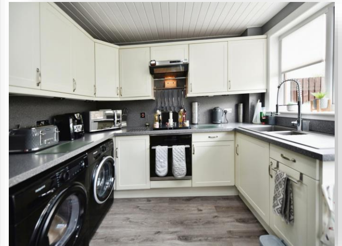
Fencedyke Close, Bourtreehill North Irvine KA11 1NZ
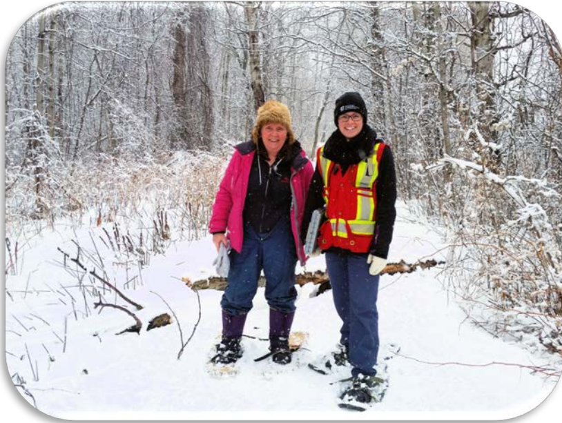
Woodlot Advisory Site Visit South Russell Road Russell Township
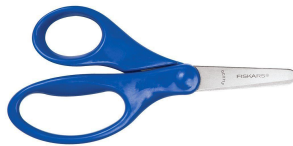
1 pair Fiskar scissors
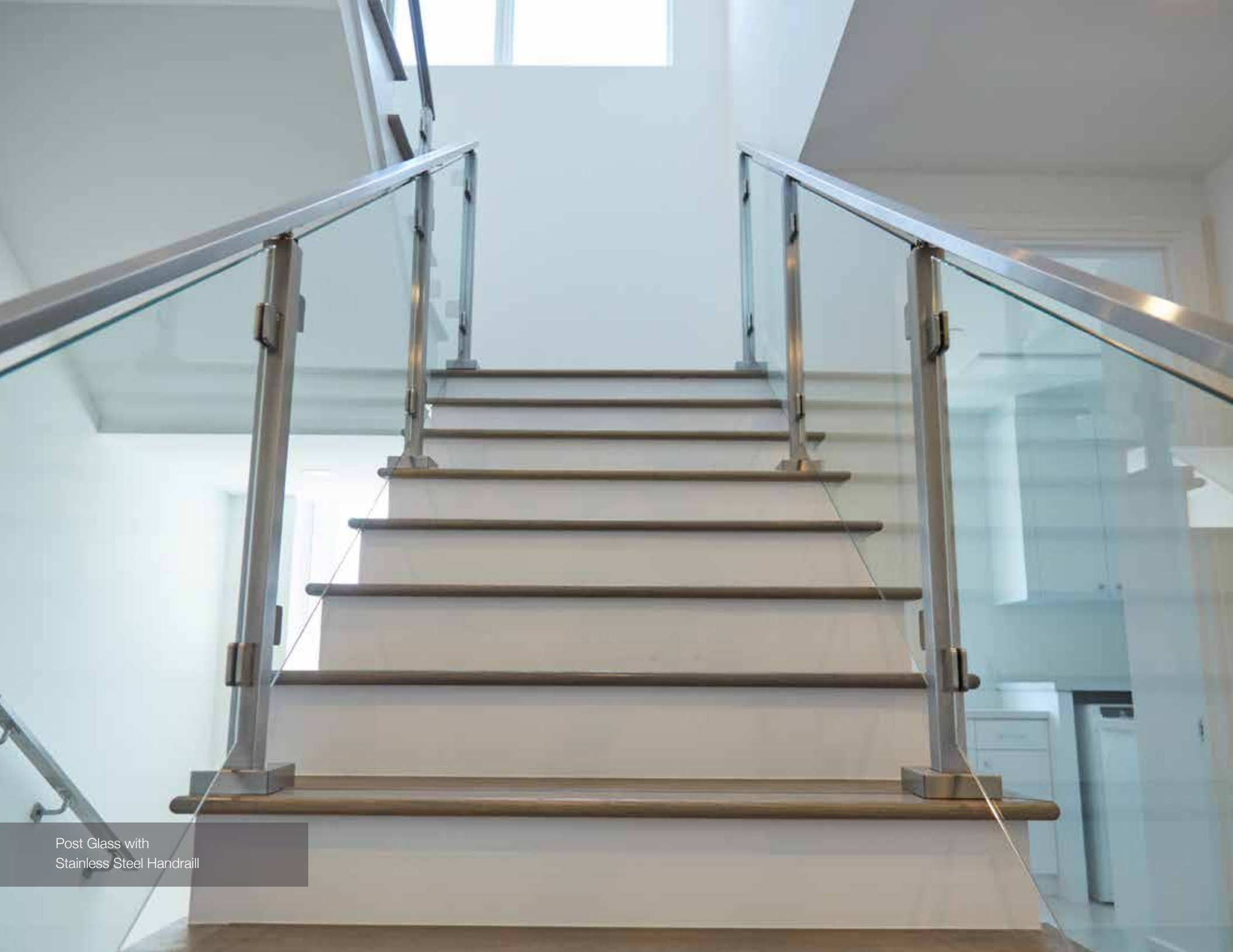
Post Glass with Stainless Steel Handrail
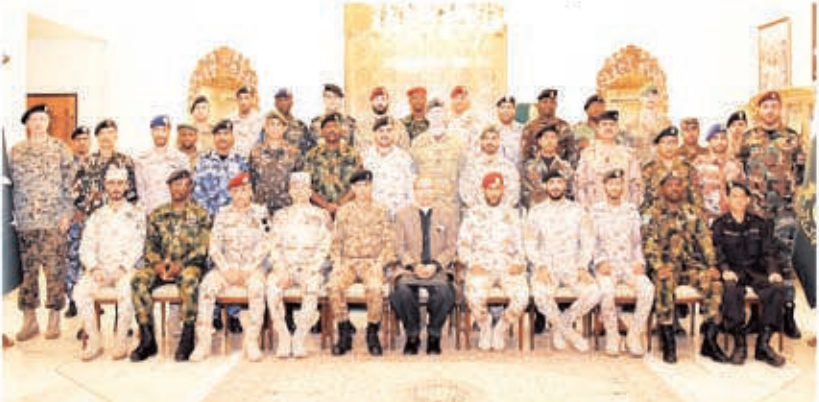
ISLAMABAD: President Dr. Arif Alvi in a group photo with the foreign military officers currently undergoing training at Command and Staff College, Quetta, at Aiwan-e-Sadr.

Tractors is the most overvalued business. Profitability The net profit margin and gross profit margin of Al-Ghazi Tractors Limited serve as indicators of its profitability. Both the profits kept fluctuating from 2018 to 2021, but remained in the positive territory. Al-Ghazi Tractors Limited was incorporated in Pakistan under the Companies Act, 1913 (now Companies Act, 2017) as a public limited company in June 1983. The company is principally engaged in manufacture and sale of agricultural tractors, generators, implements, and spare parts. It also provides irrigation solutions. The company is a subsidiary of Al-Futtaim Industries Company LLC, UAE. Despite growing import costs resulting from higher global commodity prices and less favourable local currency exchange rate, the gross profit of the company increased 31% to Rs4 billion in 9MCY22 from Rs3 billion in 9MCY21. The profit-before taxation during 9MCY22 increased to Rs3.8 billion from Rs3.1 billion in 9MCY21, showing a growth. INP
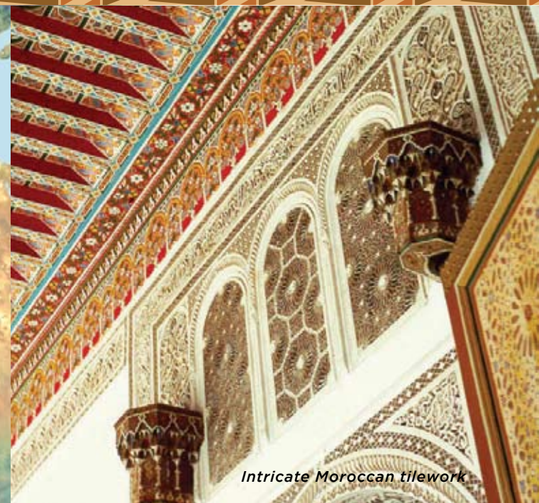
Intricate Moroccan tilework
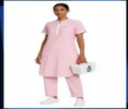
Women Gda Uniform
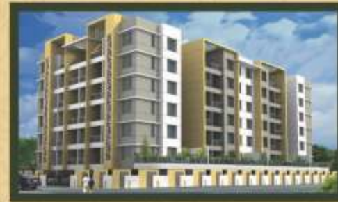
Viva City, Kharadi, Pune
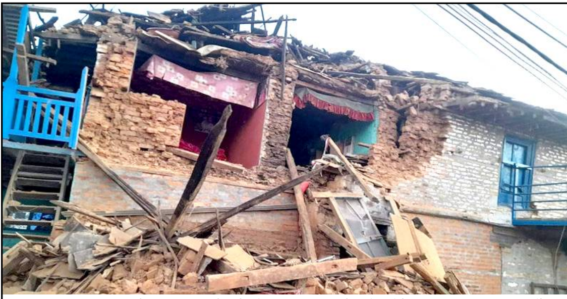
Nov. 05, 2023 : Nepal nung menoknok ajanga ano teraksa jenti bener arutsüogo. Honibar aonung menoknok asadangba magnitude 6.4 anoka Nepal nung nisung 157 takum samaba sülen yimdaklir meyrirjang aika sükseta aonung kima mejanga liasü.
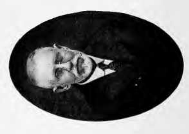
AND WHEN RELEASED.
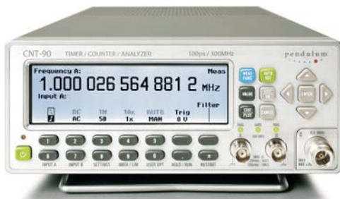
Figure 3: Input parameter setting menu shown with measured result.
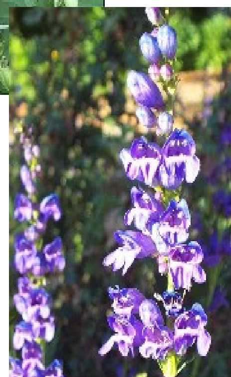
From left, these drought-tolerant plants are penstemon palmeri, Rocky Mountain columbine and Rocky Mountain penstemon
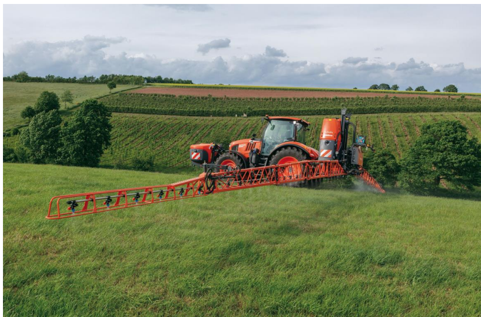
Picture: The XMS mounted sprayer range is fully ISOBUS compatible and available with new features.

Kubota is introducing a complete ISOBUS compatible XMS mounted sprayer range operating on the same software and hardware platform as the trailed sprayers. At the same time new features like the next generation Boom Guide system and TwinFill automatic filling are introduced on the XMS2 mounted sprayer range.
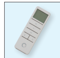
Optima 6 Channel Transmitter
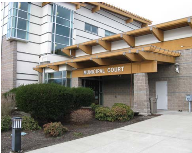
Municipal Court Entrance

Lakewood's economic development is both a high priority and a work in progress, especially along the Pacific Highway corridor adjacent to Interstate 5. The new Sound Transit Station is complete and part of a regional transportation system linked to the City's Towne Center. New commercial development along the corridor is already taking place, with a major new car dealer and hotel. In areas known for the challenges of low income demographics and social needs, new development is also taking place and the City is extending sewer service to both Tillicum and Woodbrook for the first time. The City's proximity to two major military bases is also a key factor in its economic development strategy. Lakewood is a young thriving community that offers its citizens a diverse, vibrant, and scenic place to call home.
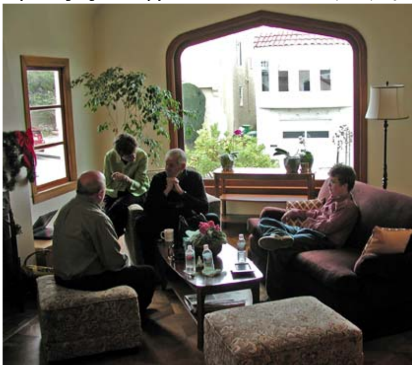
Guests enjoy the Holiday Tea illuminated by Elaine’s beautiful picture window
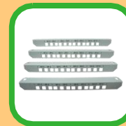
19" Mounting Rails
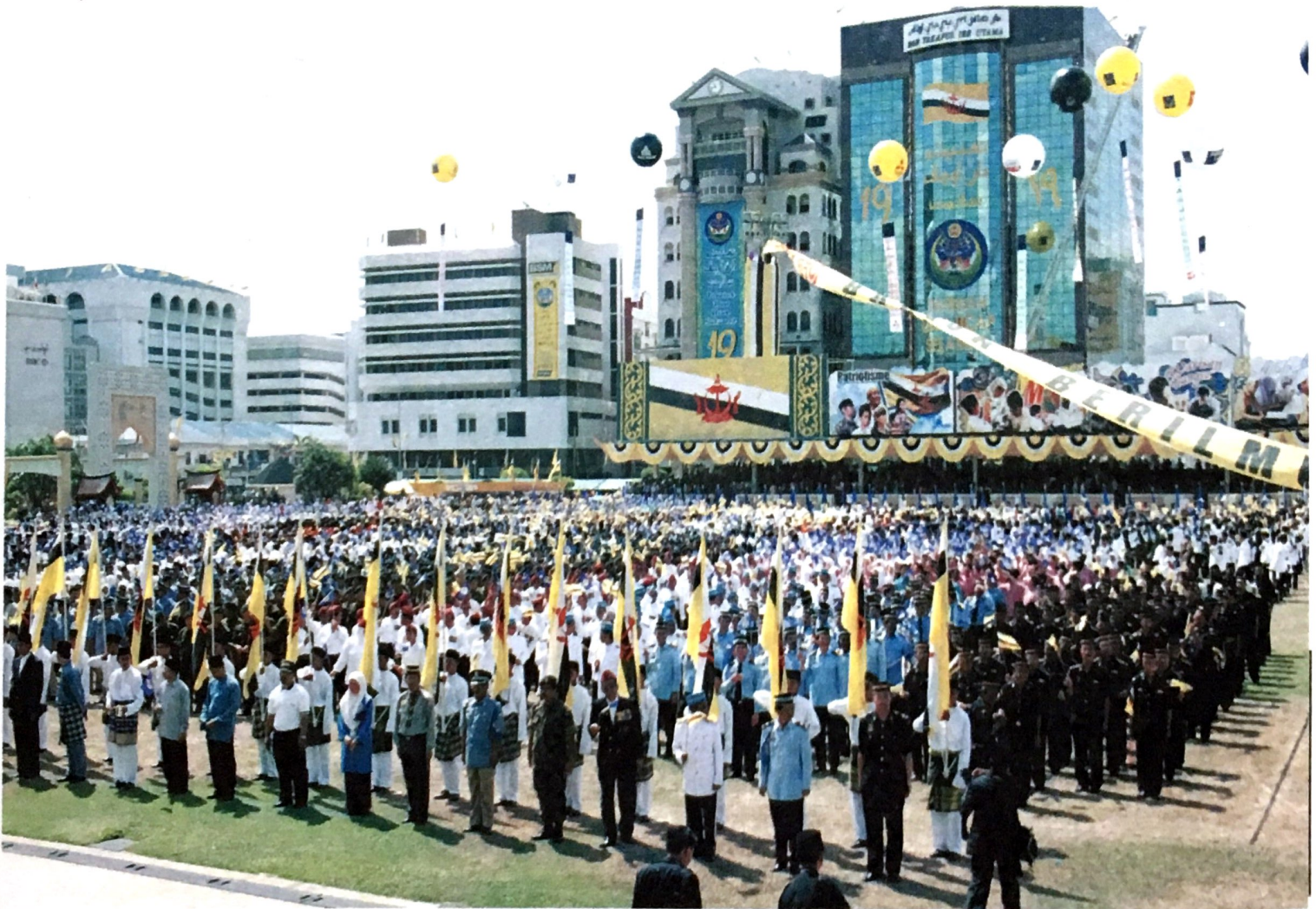
Standing proud as Brunei Darussalam celebrates its 19 th National Day at Taman Sir Muda Omar Ali Saifuddien in Bandar Seri Begawan.

He emphasised the country's stand regarding threats to national integrity: Brunei does not give blessing or support to any action that could jeopardise peace.
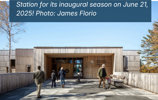
The NPS opened Tekakapimək Contact Station for its inaugural season on June 21, 2025!

This was most apparent during the prolonged federal shutdown from October 1st to November 12th. The shutdown created even more uncertainty for staffing, operations, and visitor services across the National Park System, placing added pressure on already strained parks. Throughout this period, Friends remained steadfast in our support, both publicly and behind the scenes. Most significantly, Friends provided an emergency donation to NPS in order to keep Tekakapimək open and staffed through Indigenous People's Day. We also worked through coordinated communications efforts to amplify key messages about visitor safety and respecting public lands.
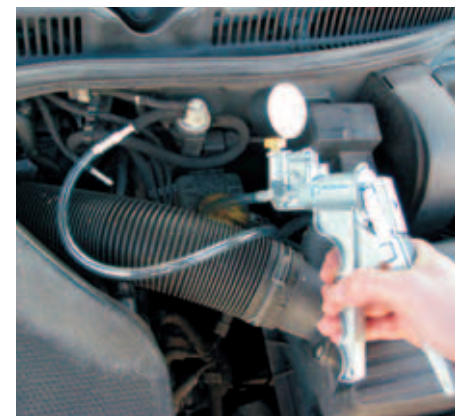
Whether dealing with pneumatic EGR valves or an electro-pneumatic pressure transducer, as in this case: The function can easily be tested using a vacuum hand pump.
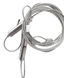
A-CBL 8' Aircraft Cable, V-Hook included

_What you will do_
Every line above that holds the word "Brunei" needs to be copied.

_Solution to this task_
Standing proud as Brunei Darussalam celebrates its 19 th National Day at Taman Sir Muda Omar Ali Saifuddien in Bandar Seri Begawan.
He emphasised the country's stand regarding threats to national integrity: Brunei does not give blessing or support to any action that could jeopardise peace.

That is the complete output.